What is Phimosis? When is circumcision required?

THE term "Phimosis", derived from Greek word for "muzzling", has been widely applied to narrow foreskin. Normally, the skin over the tip of penis folds on itself. This extra skin is called foreskin. In newborns, the under surface of the foreskin is fused to the head of penis. So, the foreskin cannot be pulled back. This is normal feature referred to as "non retractile foreskin". As the children grow the foreskin separates slowly and by 15 years almost 90 per cent have normal adult pattern.

Variable adherence

Up to five years of age the adherence to the penis is variable.
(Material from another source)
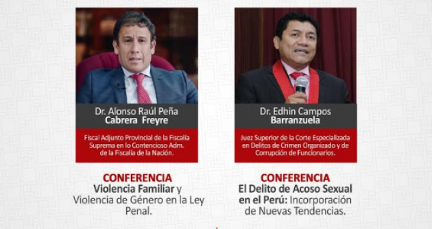 El viernes 6 de setiembre iniciará la capacitación a las 4:30 p.m. el Dr. Alonso Raul Peña Cabrera Freyre; Fiscal Adjunto Provincial de la Fiscalía Suprema en lo Contencioso Administrativo de la Fiscalía de la Nación, docente de posgrado de la Universidad Nacional Mayor de San Marcos, docente de la Academia de la Magistratura, investigador y autor de diversas publicaciones y conferencista. Peña Cabrera abordará el tema Violencia General y Violencia de Género en la Ley Penal.

Sometimes there can be accumulation of white discharge called "smegma". Some times the foreskin balloons as the boy passes urine. These are entirely normal and should not cause concern. Some parents get the child to practice retraction exercises to see if they can overcome the problem. But this can cause soreness and bleeding.

Excessive retraction can also damage the skin leading to scarring and real phimosis. However boys older than seven years of age can attempt self-retraction at bath, as they will know when it will hurt and when to stop. It is essential to put back the foreskin after retraction, as skin left retracted can get stuck in that position.

Circumcision is one of the oldest operations known to mankind. There are several reasons for circumcision: as a treatment for true Phimosis; as a preventive step in children with recurrent urine infections or kidney problems like hydronephrosis and reflux; for religious reasons; and as a preventive step against many diseases. There is medical evidence that circumcision does protect against infections and cancer of the penis.

In a boy with phimosis, surgery is required if the following problems are encountered: Scarring of the skin at the tip; recurrent infections; straining and only dribbling when passing urine; para phimosis (swelling and inability to put back the pulled foreskin). Some times children have kidney problems like hydronephrosis, where the kidney is swollen with urine but there is no real blockage. In some children the urine goes upstream towards the kidneys while passing. This is known as reflux and these children are at higher risk of infection. Some boys get recurrent urinary infections without any kidney abnormalities. In such cases circumcision is said to reduce the chance of infection by half.

When to avoid

Circumcision in children is usually done under general anaesthesia. It involves removing the excess skin at the tip of the penis. The operation lasts for 30 minutes. The stitches are dissolvable. There can be a variable degree of swelling and it may take about two weeks for healing.

There are certain situations when a circumcision should be avoided. In children with hypospadias, urine exits from the hole on the under surface of penis. In these children the foreskin is used to make a new skin tube and bring the hole to the tip. If these boys have had circumcision it makes future hypospadias surgery extremely difficult.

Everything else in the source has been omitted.